- What you will do
From start to end, write out the following data exactly, apart from its images.

- Source records
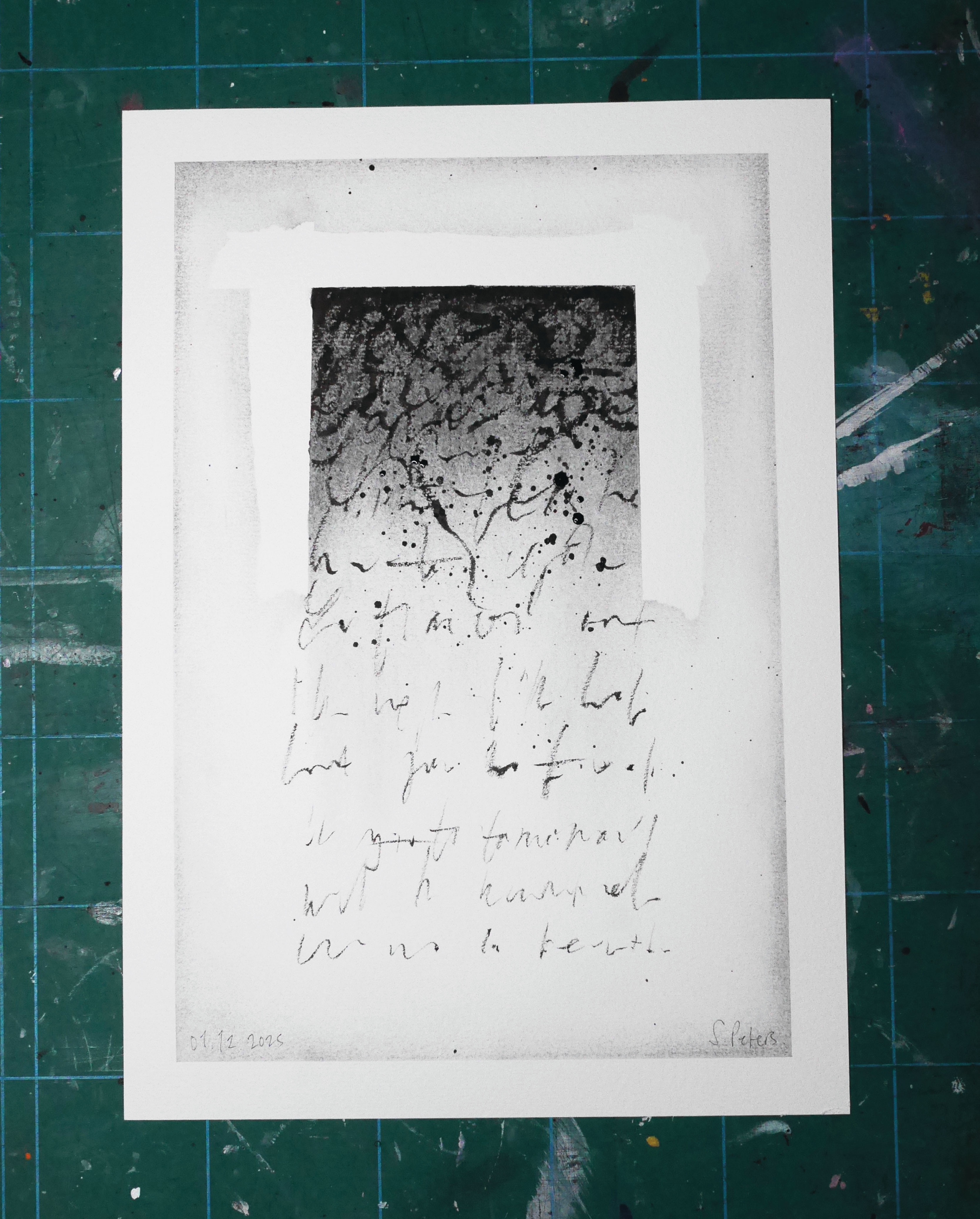 No two pieces are planned, and none are corrected. Torn edges, smudges, and uneven lines are embraced as evidence of the process – reminders that beauty often lives in imperfection.
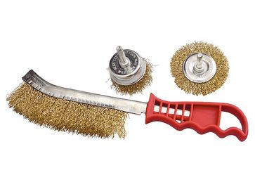 Набор металлических щеток изготовлен из стальной проволоки. Латунное покрытие. Применяется для очистки металлических поверхностей от ржавчины и грязи в щадящем режиме. None Страна производства: Китай
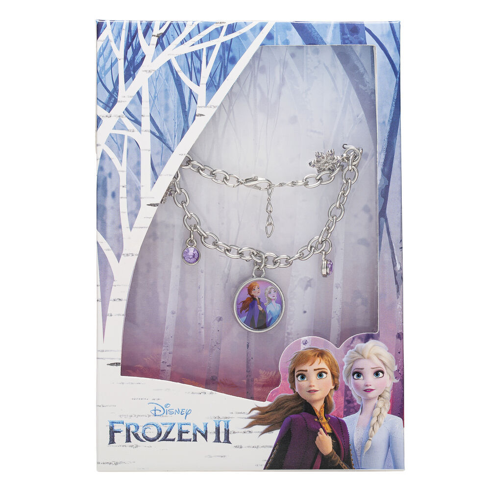 Die Silberkette wird durch einen Emaille-Anhänger von Anna und Elsa und silberne Schneeflocken-Anhänger sowie einen lila Stein-Charm ergänzt.
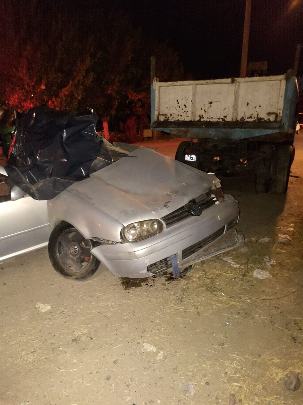Sin poder determinar el motivo habrían perdido el control del rodado, dejando una huella de frenada y posterior derrape hacía la banquina derecha, entrando el vehículo ya de costado, para impactar de lleno con un camión estacionado. Producto de tan fuerte impacto, el conductor del vehículo perdió la vida en el momento, quedando atrapado en el interior del rodado y su hijo fue inmediatamente traslado al Hospital Rawson por el servicio de Emergencia.
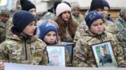 Десятки дорослих та дітей пройшли ходою від Кафедрального Собору Святого Воскресіння до Меморіального скверу. Вони несли в руках фото героїв як пам’ять про ту страшну подію.
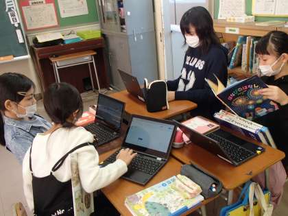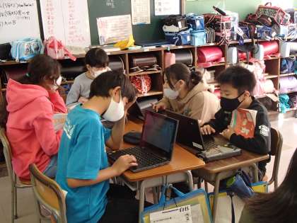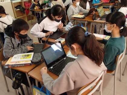 国語科「日本文化を発信しよう」では、グループに分かれて、自分たちが紹介したい日本文化についてパンフレットをクロムブックで書いています。今日は、グループごとにパンフレットの構成を考え、書き始めました。花火、相撲、和菓子、獅子舞、日本の行事、俳句等自分たちが発信したい文化について、読み手をひきつける工夫を交えながら仕上げることが目当てです。「海外との違いをのせたらおもしろいんじゃない?」「画像をのせると分かりやすいよね」などと相談をしながら進めているようです。さて、日本文化の魅力を伝えることができるのでしょか。
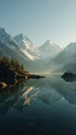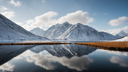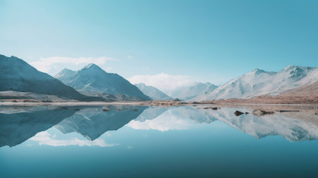 Breathtaking Remote Landscape Featuring Majestic Mountain Reflections in a Serene, Calm Lake
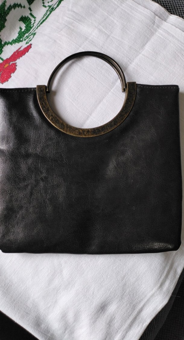 Kahverengi deri tokalı metal saplı, Paris ve bohem etkili koyu gotik tarzda kadın çantası. Günlük kullanım için uygundur.
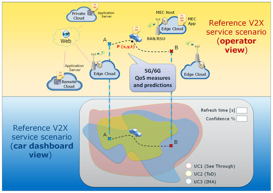 We consider an application where several instances of vehicular User Equipment (UE) connected to a B5G/6G Base Station (BS) receive a video stream whose quality plays a decisive role in the safety of remote driving. The quality of experience (QoE) perceived by UEs depends on the QoS provided by the network. This can be mapped, for instance, to a see-through use-case, where the receiving UE is a car using a live feed from the camera of another car (e.g., to make overtaking safer in the presence of visual impairments for the driver), or to ToD, where the sender is the car being driven and the receiver is the driving operator. In either case, operations may be supported by a DT of the traffic area at the edge. From an implementation perspective, Multi-access Edge Computing (MEC) infrastructure can be leveraged as an intrinsic facilitator for the segregation of data, as requested by international regulation in the matter of ITS services. Furthermore, state-of-the-art MEC technologies are defined by considering MEC security with an end-to-end approach, leveraging existing standards relevant in the area, e.g., ETSI-NFV-SEC (European Telecommunications Standards Institute—Network Functions Virtualisation—Security), TC CYBER (Technical Committee Cybersecurity), 3GPP (Third Generation Partnership Project), carefully selected to be applicable in edge computing systems.
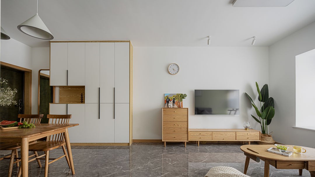 餐厅后面是公共卫生间,公卫的干湿分区处理,满足了同时淋浴或者洗手功能. 正对书房推拉门出来的墙上做了小装饰,避出迎面即墙的拥堵感,同时营造入眼即景的氛围.
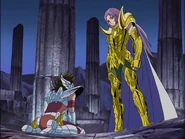 - Cuando Saori se despierta, quién aparece en frente de ella se cree que es Cronos devido que tiene una Hoz.
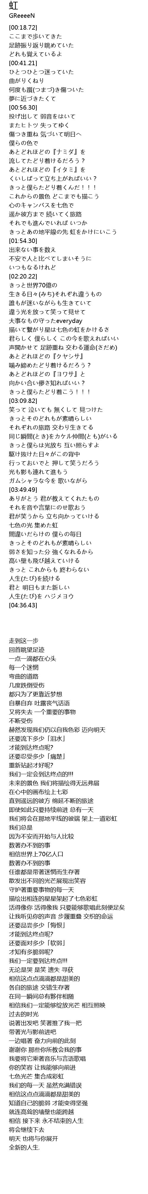 | [04:01.48] | 七色光芒 集合成彩虹 |
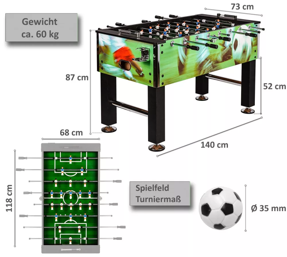 A játékfelület méretei megfelelnek a versenyasztalok követelményeinek.
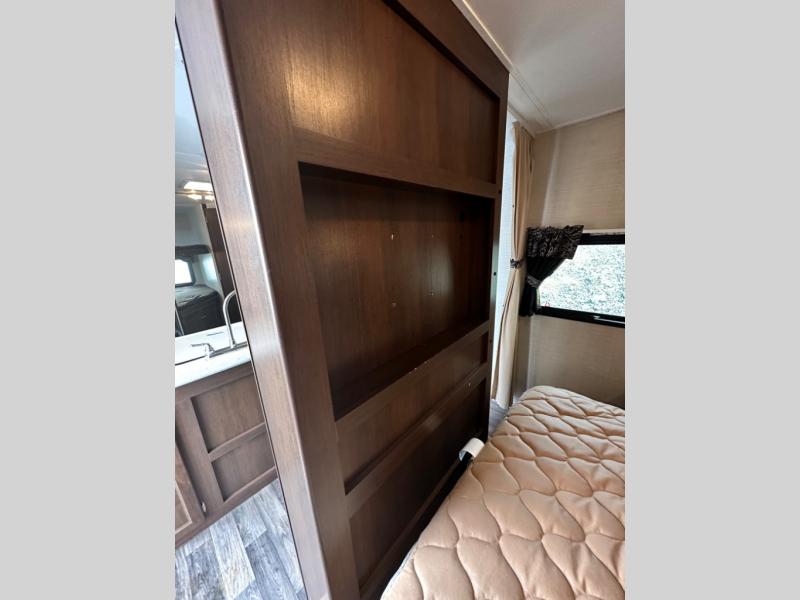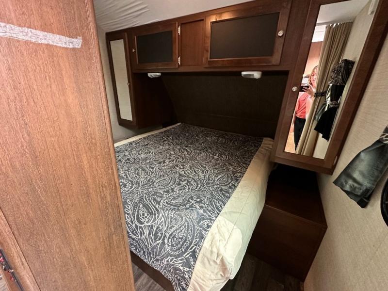 Step inside and find a queen bed up front along with dual bedside wardrobes, overhead cabinets, and a laundry chute to help keep things neat and organized. There is an entertainment center in the center just off the foot of the bed a bit, and curtains on either side that can be pulled to create a bit more privacy at night.
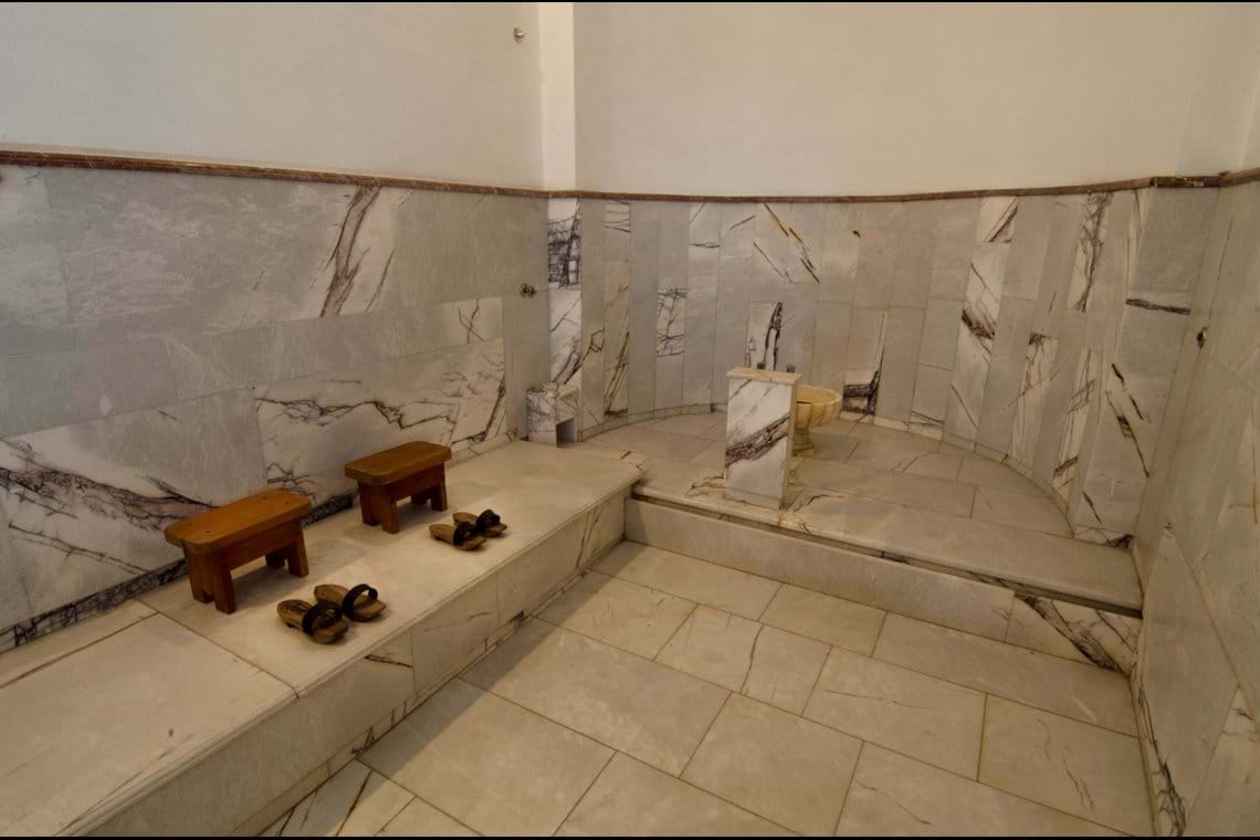 The air-conditioned master bedroom features a double bed with handcrafted wooden side tables, a built-in wardrobe, and a vanity table with a collection of German and English books provided. The beautiful space has a stunning private sitting room overlooking the garden – perfect for relaxation. Two additional bedrooms feature a large double/twin bedroom with air-conditioning, bedside tables, reading lights, and a wardrobe. A fourth bedroom – spacious twin bedroom – consists of working air-conditioning, an extra single sofa bed that can be opened when required, wardrobe, side tables, reading lights, and a large collection of German and English books. Bedroom #5 sits in front of the Turkish bath. This room can be used as a small private sitting room and bedroom where guests can enjoy beautiful views through the large sliding windows over the pool and garden.
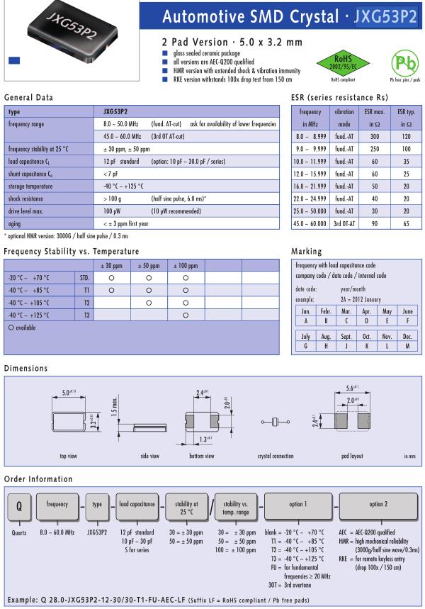 Jauch晶振,JXG53P2晶振,Q28.0-JXG53P2-12-30/30-T1-FU-AEC-LF晶振
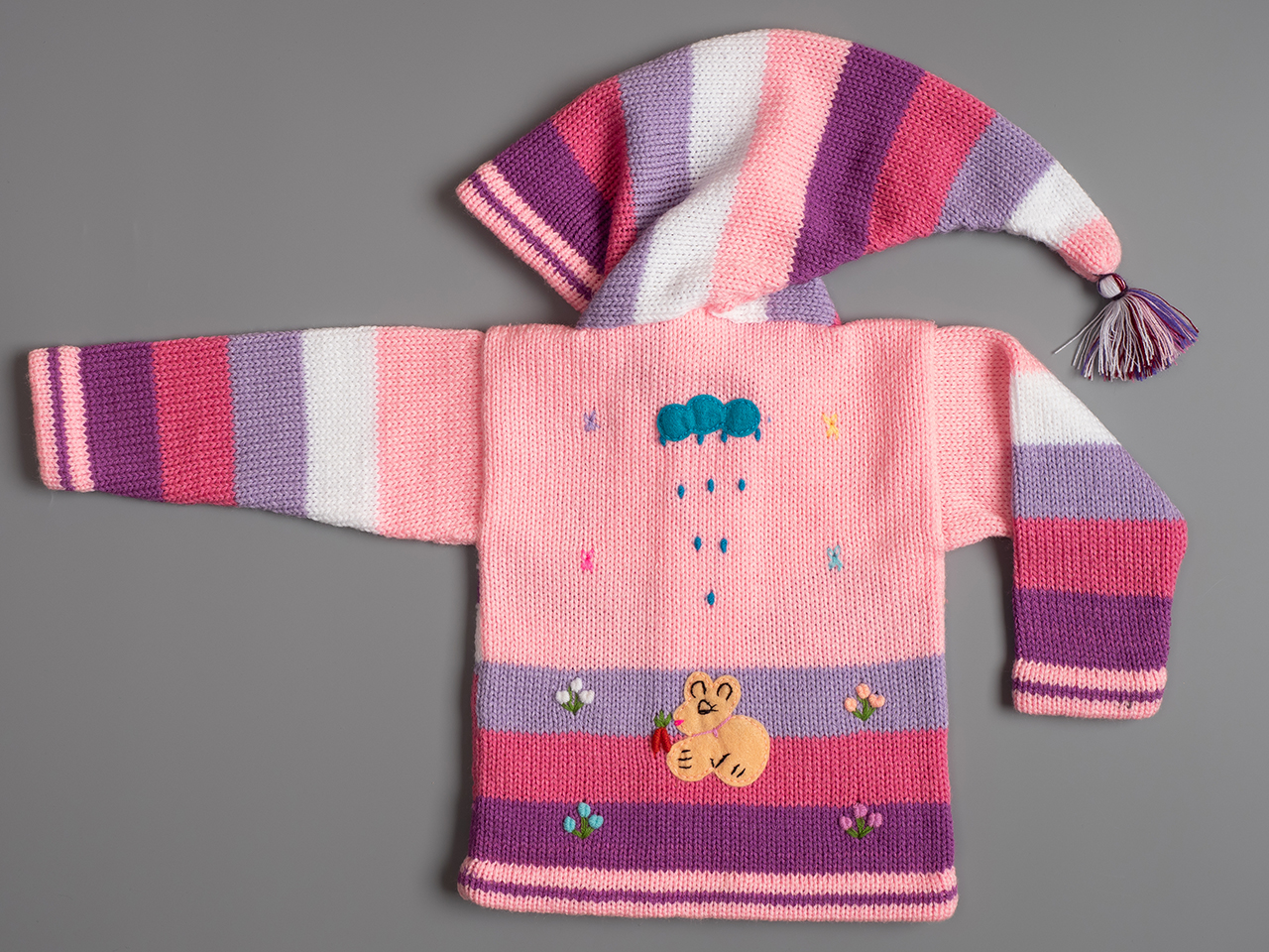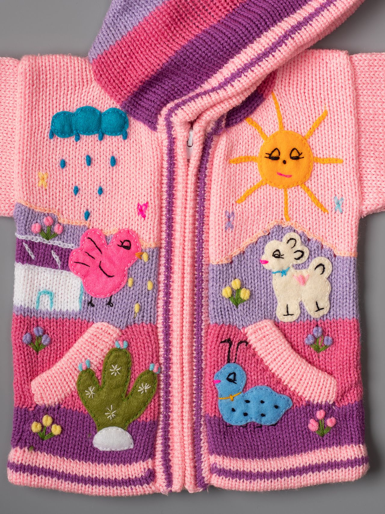 Известни в Перу с името Chompas Arpilleras, жилетките са ръчно изработени от занаятчии от коренното население на перуанските Анди, от древните култури Аймара и Кечуа. Изобразяват сцени от перуанската природа както отпред, така и отзад на дрехата. Слънцето свети в планините, а лами и пилета се хранят в подножието. Всеки детайл е ръчно зашит и завършен, за да се създаде 3-D ефект. Можем да Ви предложим широка гама от цветове за момчета и момичета, както и избор от размери от 0 до 7 години.
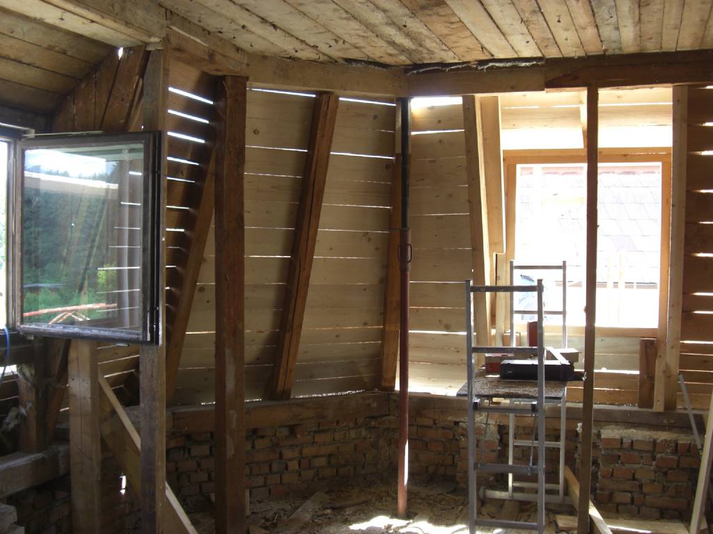 ja habe ich zum glück es ist zum Glück nur der teil in der Mauer. Freiliegender Dachstuhl, Pfetten & Sparren schauen gut aus. Zimmermann hat eh schon einiges ausgebessert. Vermute mal das es beim Fenster wassereintritt in die Fassade gegeben hat... |

- Solution to this task
 No two pieces are planned, and none are corrected. Torn edges, smudges, and uneven lines are embraced as evidence of the process – reminders that beauty often lives in imperfection.
 Набор металлических щеток изготовлен из стальной проволоки. Латунное покрытие. Применяется для очистки металлических поверхностей от ржавчины и грязи в щадящем режиме. None Страна производства: Китай
 Die Silberkette wird durch einen Emaille-Anhänger von Anna und Elsa und silberne Schneeflocken-Anhänger sowie einen lila Stein-Charm ergänzt.
Sin poder determinar el motivo habrían perdido el control del rodado, dejando una huella de frenada y posterior derrape hacía la banquina derecha, entrando el vehículo ya de costado, para impactar de lleno con un camión estacionado. Producto de tan fuerte impacto, el conductor del vehículo perdió la vida en el momento, quedando atrapado en el interior del rodado y su hijo fue inmediatamente traslado al Hospital Rawson por el servicio de Emergencia.
 Десятки дорослих та дітей пройшли ходою від Кафедрального Собору Святого Воскресіння до Меморіального скверу. Вони несли в руках фото героїв як пам’ять про ту страшну подію.
 国語科「日本文化を発信しよう」では、グループに分かれて、自分たちが紹介したい日本文化についてパンフレットをクロムブックで書いています。今日は、グループごとにパンフレットの構成を考え、書き始めました。花火、相撲、和菓子、獅子舞、日本の行事、俳句等自分たちが発信したい文化について、読み手をひきつける工夫を交えながら仕上げることが目当てです。「海外との違いをのせたらおもしろいんじゃない?」「画像をのせると分かりやすいよね」などと相談をしながら進めているようです。さて、日本文化の魅力を伝えることができるのでしょか。
 Breathtaking Remote Landscape Featuring Majestic Mountain Reflections in a Serene, Calm Lake
 Kahverengi deri tokalı metal saplı, Paris ve bohem etkili koyu gotik tarzda kadın çantası. Günlük kullanım için uygundur.
 We consider an application where several instances of vehicular User Equipment (UE) connected to a B5G/6G Base Station (BS) receive a video stream whose quality plays a decisive role in the safety of remote driving. The quality of experience (QoE) perceived by UEs depends on the QoS provided by the network. This can be mapped, for instance, to a see-through use-case, where the receiving UE is a car using a live feed from the camera of another car (e.g., to make overtaking safer in the presence of visual impairments for the driver), or to ToD, where the sender is the car being driven and the receiver is the driving operator. In either case, operations may be supported by a DT of the traffic area at the edge. From an implementation perspective, Multi-access Edge Computing (MEC) infrastructure can be leveraged as an intrinsic facilitator for the segregation of data, as requested by international regulation in the matter of ITS services. Furthermore, state-of-the-art MEC technologies are defined by considering MEC security with an end-to-end approach, leveraging existing standards relevant in the area, e.g., ETSI-NFV-SEC (European Telecommunications Standards Institute—Network Functions Virtualisation—Security), TC CYBER (Technical Committee Cybersecurity), 3GPP (Third Generation Partnership Project), carefully selected to be applicable in edge computing systems.
 餐厅后面是公共卫生间,公卫的干湿分区处理,满足了同时淋浴或者洗手功能. 正对书房推拉门出来的墙上做了小装饰,避出迎面即墙的拥堵感,同时营造入眼即景的氛围.
 - Cuando Saori se despierta, quién aparece en frente de ella se cree que es Cronos devido que tiene una Hoz.
 | [04:01.48] | 七色光芒 集合成彩虹 |
 A játékfelület méretei megfelelnek a versenyasztalok követelményeinek.
 Step inside and find a queen bed up front along with dual bedside wardrobes, overhead cabinets, and a laundry chute to help keep things neat and organized. There is an entertainment center in the center just off the foot of the bed a bit, and curtains on either side that can be pulled to create a bit more privacy at night.
 The air-conditioned master bedroom features a double bed with handcrafted wooden side tables, a built-in wardrobe, and a vanity table with a collection of German and English books provided. The beautiful space has a stunning private sitting room overlooking the garden – perfect for relaxation. Two additional bedrooms feature a large double/twin bedroom with air-conditioning, bedside tables, reading lights, and a wardrobe. A fourth bedroom – spacious twin bedroom – consists of working air-conditioning, an extra single sofa bed that can be opened when required, wardrobe, side tables, reading lights, and a large collection of German and English books. Bedroom #5 sits in front of the Turkish bath. This room can be used as a small private sitting room and bedroom where guests can enjoy beautiful views through the large sliding windows over the pool and garden.
 Jauch晶振,JXG53P2晶振,Q28.0-JXG53P2-12-30/30-T1-FU-AEC-LF晶振
 Известни в Перу с името Chompas Arpilleras, жилетките са ръчно изработени от занаятчии от коренното население на перуанските Анди, от древните култури Аймара и Кечуа. Изобразяват сцени от перуанската природа както отпред, така и отзад на дрехата. Слънцето свети в планините, а лами и пилета се хранят в подножието. Всеки детайл е ръчно зашит и завършен, за да се създаде 3-D ефект. Можем да Ви предложим широка гама от цветове за момчета и момичета, както и избор от размери от 0 до 7 години.
 ja habe ich zum glück es ist zum Glück nur der teil in der Mauer. Freiliegender Dachstuhl, Pfetten & Sparren schauen gut aus. Zimmermann hat eh schon einiges ausgebessert. Vermute mal das es beim Fenster wassereintritt in die Fassade gegeben hat... |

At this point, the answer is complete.